The Darden Sisters’ Alternative Americana Sound is a Family Affair

Their names are as eclectic as the extensive list of musical styles and performers they cover: Selah, Clarah, Havilah and Tabithah. The foursome from Fullerton form the Darden Sisters Band, and it might be a good idea to check them out now, because if they have anything to say about it—and if there is any justice on this spinning rock—they’ll be playing well outside of Orange County for years to come.

“They talk about it all the time, that in 20 years, they’ll be performing and having a serious recording career,” says their manager, Annice Parker, a veteran Hollywood producer and former employee of Gallin Morey and Associates, a management company that represented such well-known clients as Michael Jackson, Elton John and Dolly Parton.”They are singers, musicians and very prolific songwriters who are doing something special that is something you don’t hear every day on the radio.”

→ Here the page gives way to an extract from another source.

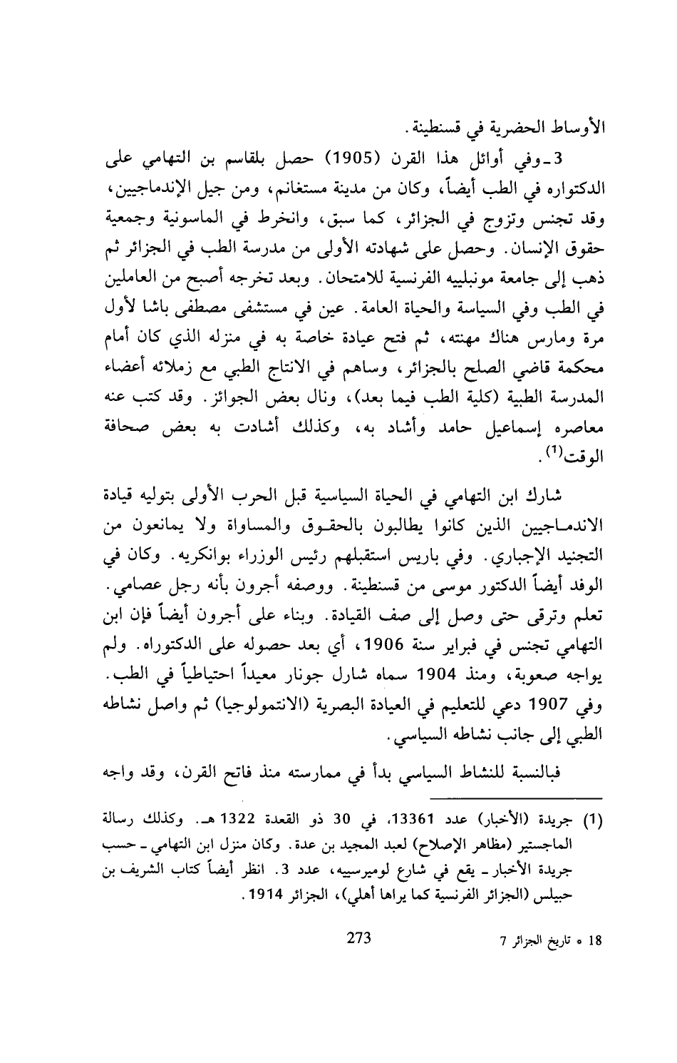 (¬1) جريدة (الأخبار) عدد 13361، في 30 ذو القعدة 1322 هـ. وكذلك رسالة الماجستير (مظاهر الإصلاح) لعبد المجيد بن عدة. وكان منزل ابن التهامي - حسب جريدة الأخبار- يقع في شارع لوميرسييه، عدد 3. انظر أيضا كتاب الشريف بن حبيلس (الجزائر الفرنسية كما يراها أهلي)، الجزائر 1914.

The Dardens range in age from 16 to 21 and have performed as a unit for about eight years. The sisters trade off singing duties and play multiple instruments, ranging from guitar and upright bass to violin, ukulele, harmonica, even the accordion and banjo. Whether they’re creating a barnstorming Americana string-band anthem or a slow-burning emotional ballad, the band’s harmonic splendor and polished licks are an instant crowd favorite. They’ve proven they can translate pop hits from a numerous decades, from the Creedence Clearwater Revival classic “Have You Ever Seen the Rain” to Jason Mraz’s breezy mid-aughts smash “I’m Yours.”

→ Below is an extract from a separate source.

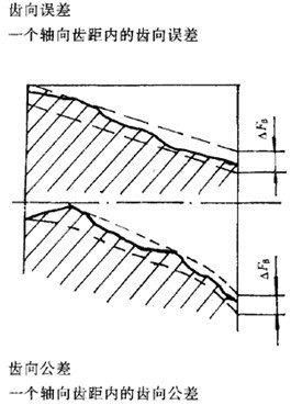 要檢查圓柱面上,在有效齒寬范圍內(nèi)(端部倒角部分除外),包容實(shí)際齒向線的兩條最近的設(shè)計(jì)齒線之間的端面距離

In the past couple of years, they have been frequently sighted in and around Fullerton, playing biweekly at the Back Alley Bar and Grill and monthly at Bourbon Street and Joe’s, as well as at Campus JAX in Newport Beach and the Packing House in Anaheim. But those are free gigs, where the quartet display their multi-instrumental prowess, lush harmonies and mostly re-arranged covers of songs ranging from 1940s standards to contemporary pop hits.

Their first headlining gig took place recently to a sold out crowd at the Muckenthaler Cultural Center in Fullerton. And rather than a bar gig, where they often take requests from the audience, this was a structured show, with several musicians sitting in with them, including their grandfather, Joe Tatar, an Orange County institution who has performed a piano-based show of songs spanning from the 1920s to 1970s for years. (To continue the family connection, Tatar’s sons, the sisters’ uncles Eddie and Joey Tatar, have been part of OC punk stalwart D.I. since the early 2000s.)

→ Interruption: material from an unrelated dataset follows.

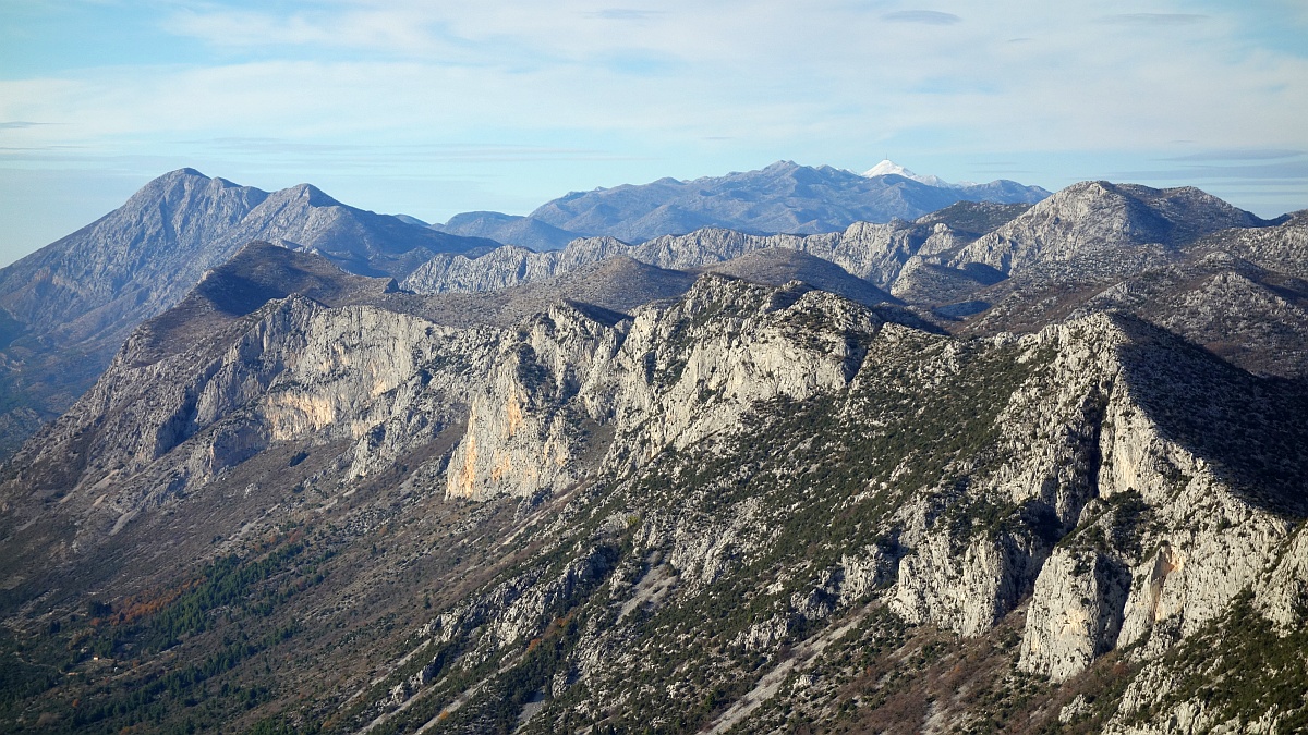 Glavni greben Rilića (na levi najvišji vrh Sutvid), zadaj vršna planota Biokova z zasneženim Sv. Juretom.

“These girls grew up in a house with a basement, and their uncles were constantly down there having jam sessions with all the local talent,” Parker says. “They are convinced that everyone who’s passed through here, from Gwen Stefani down, were jamming in that basement at some time.”

The Darden Sisters play exclusively covers, but their end goal is to be recognized as Darden, a band that writes their own songs in what they call an “alternative-Americana style,” Parker says. They are currently wrapping up the mixing stage of their first EP, and Parker believes it’s only a matter of time before major players are knocking at the sisters’ collective door.

“The thing about them is they are authentically themselves—no one else has a sound like it,” Parker says. “When I first met them [three years ago], I took them to Nashville, and people absolutely loved them. They’re kind of a throwback, but also new. There isn’t one person, not one songwriter, or producer or record label person who does not fall in love. . . . They are playing real music, no gimmicks.”

Along with their grandfather and younger brother, Josiah, they will be joined at the Muck by Sean Oliu, a 15-year-old singer/songwriter/wunderkind from Anaheim who is a cast member for Club Mickey Mouse, and Reinhold Schwarzwald, an Austrian-born jazz musician who has played extensively in Europe and America.